What this task involves: Go to the line holding "(251015) — BAYANNUR, 15" in the data below and repeat it exactly, then each line after it up to and including the one holding "曲谱介绍: C调版 Bryan Adams《Brand New Day》吉他和弦弹唱谱". Omit pictures.

Dataset:
-- Opening Marker --
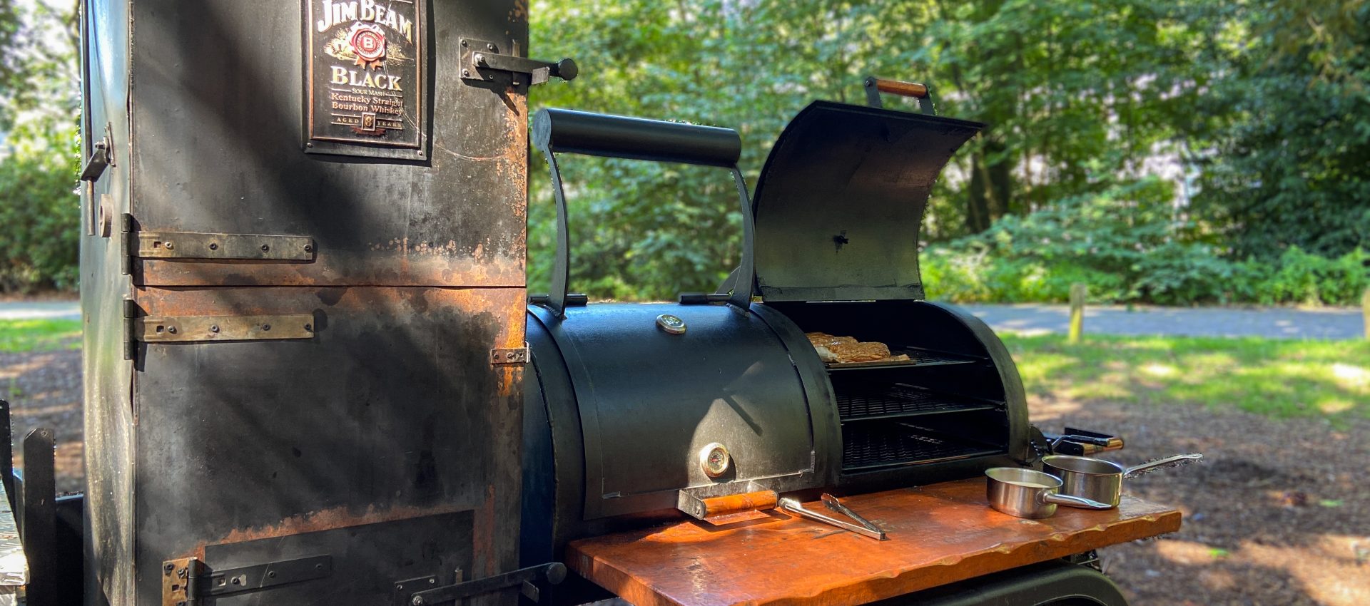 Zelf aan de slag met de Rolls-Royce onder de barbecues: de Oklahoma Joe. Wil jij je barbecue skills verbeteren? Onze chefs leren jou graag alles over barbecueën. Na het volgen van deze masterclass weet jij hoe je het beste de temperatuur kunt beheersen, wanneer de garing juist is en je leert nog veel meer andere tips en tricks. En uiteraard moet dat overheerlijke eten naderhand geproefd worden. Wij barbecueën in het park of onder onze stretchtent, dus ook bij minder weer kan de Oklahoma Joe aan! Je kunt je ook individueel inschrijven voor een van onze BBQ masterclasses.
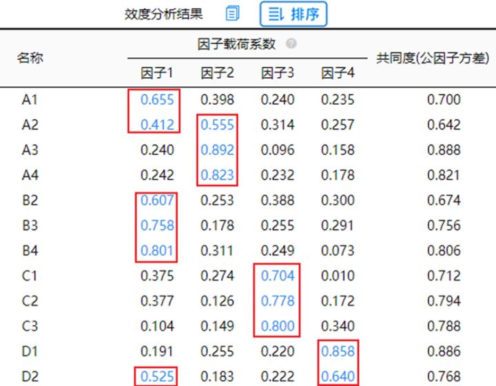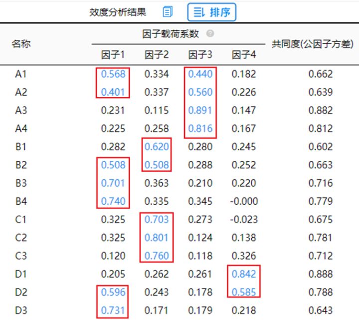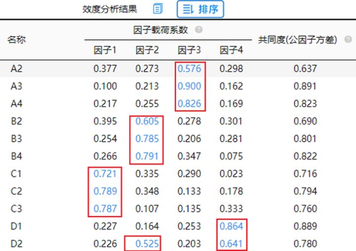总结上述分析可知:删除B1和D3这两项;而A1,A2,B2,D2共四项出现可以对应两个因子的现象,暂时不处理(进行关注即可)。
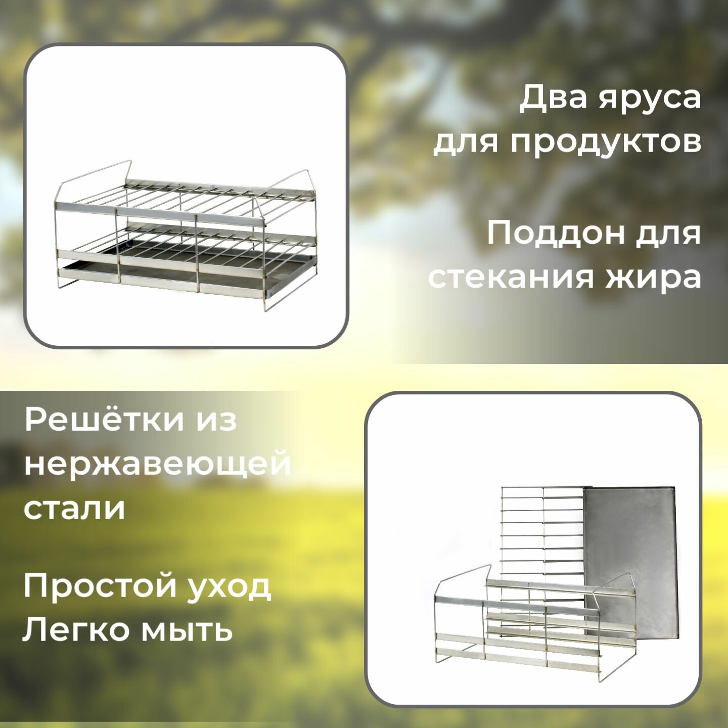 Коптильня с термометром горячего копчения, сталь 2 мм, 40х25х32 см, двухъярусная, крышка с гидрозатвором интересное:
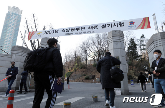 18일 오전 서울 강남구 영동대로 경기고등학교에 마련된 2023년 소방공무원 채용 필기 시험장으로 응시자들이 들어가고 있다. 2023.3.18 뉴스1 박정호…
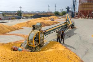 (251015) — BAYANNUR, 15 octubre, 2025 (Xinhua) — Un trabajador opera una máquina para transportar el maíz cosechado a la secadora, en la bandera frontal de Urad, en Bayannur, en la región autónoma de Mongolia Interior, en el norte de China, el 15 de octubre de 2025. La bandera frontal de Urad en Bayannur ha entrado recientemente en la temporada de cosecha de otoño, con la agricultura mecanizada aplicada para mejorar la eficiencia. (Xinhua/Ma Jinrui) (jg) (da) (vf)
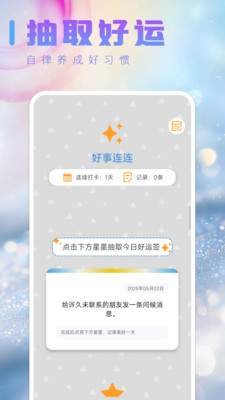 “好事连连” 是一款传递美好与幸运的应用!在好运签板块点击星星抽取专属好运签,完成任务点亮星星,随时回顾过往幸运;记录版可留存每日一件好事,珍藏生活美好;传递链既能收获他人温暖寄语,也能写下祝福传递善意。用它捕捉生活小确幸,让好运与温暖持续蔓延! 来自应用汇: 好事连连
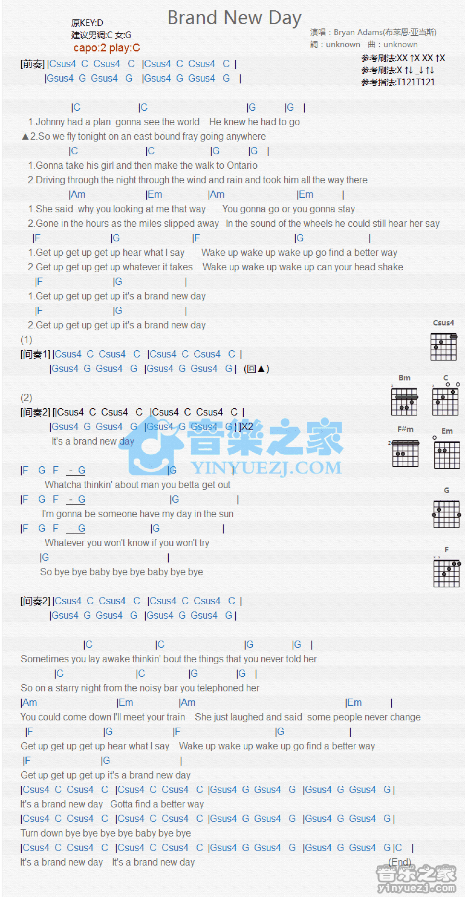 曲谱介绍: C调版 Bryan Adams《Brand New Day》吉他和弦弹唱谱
-- Closing Marker --
-- Opening Marker --
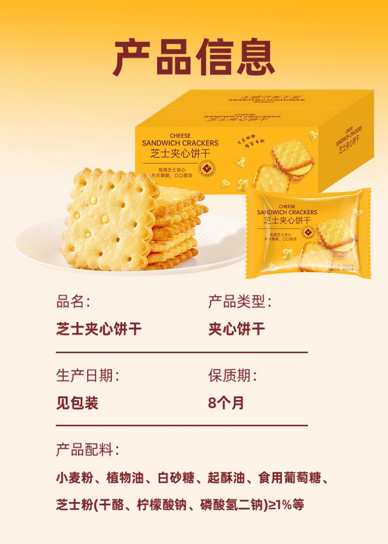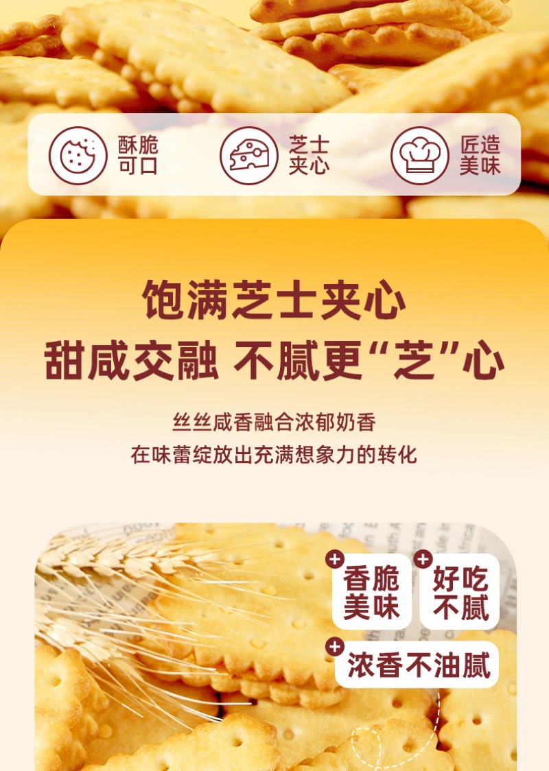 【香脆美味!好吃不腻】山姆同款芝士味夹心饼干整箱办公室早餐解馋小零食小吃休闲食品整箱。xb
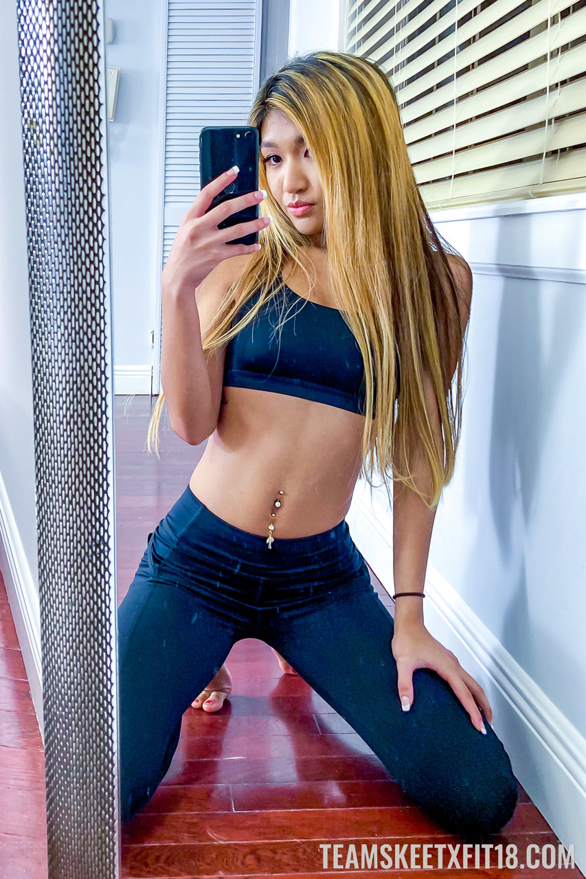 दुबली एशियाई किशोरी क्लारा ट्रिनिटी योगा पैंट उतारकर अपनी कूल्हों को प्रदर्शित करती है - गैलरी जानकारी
-- Closing Marker --
Solution to the exercise:
 (251015) — BAYANNUR, 15 octubre, 2025 (Xinhua) — Un trabajador opera una máquina para transportar el maíz cosechado a la secadora, en la bandera frontal de Urad, en Bayannur, en la región autónoma de Mongolia Interior, en el norte de China, el 15 de octubre de 2025. La bandera frontal de Urad en Bayannur ha entrado recientemente en la temporada de cosecha de otoño, con la agricultura mecanizada aplicada para mejorar la eficiencia. (Xinhua/Ma Jinrui) (jg) (da) (vf)
 “好事连连” 是一款传递美好与幸运的应用!在好运签板块点击星星抽取专属好运签,完成任务点亮星星,随时回顾过往幸运;记录版可留存每日一件好事,珍藏生活美好;传递链既能收获他人温暖寄语,也能写下祝福传递善意。用它捕捉生活小确幸,让好运与温暖持续蔓延! 来自应用汇: 好事连连
 曲谱介绍: C调版 Bryan Adams《Brand New Day》吉他和弦弹唱谱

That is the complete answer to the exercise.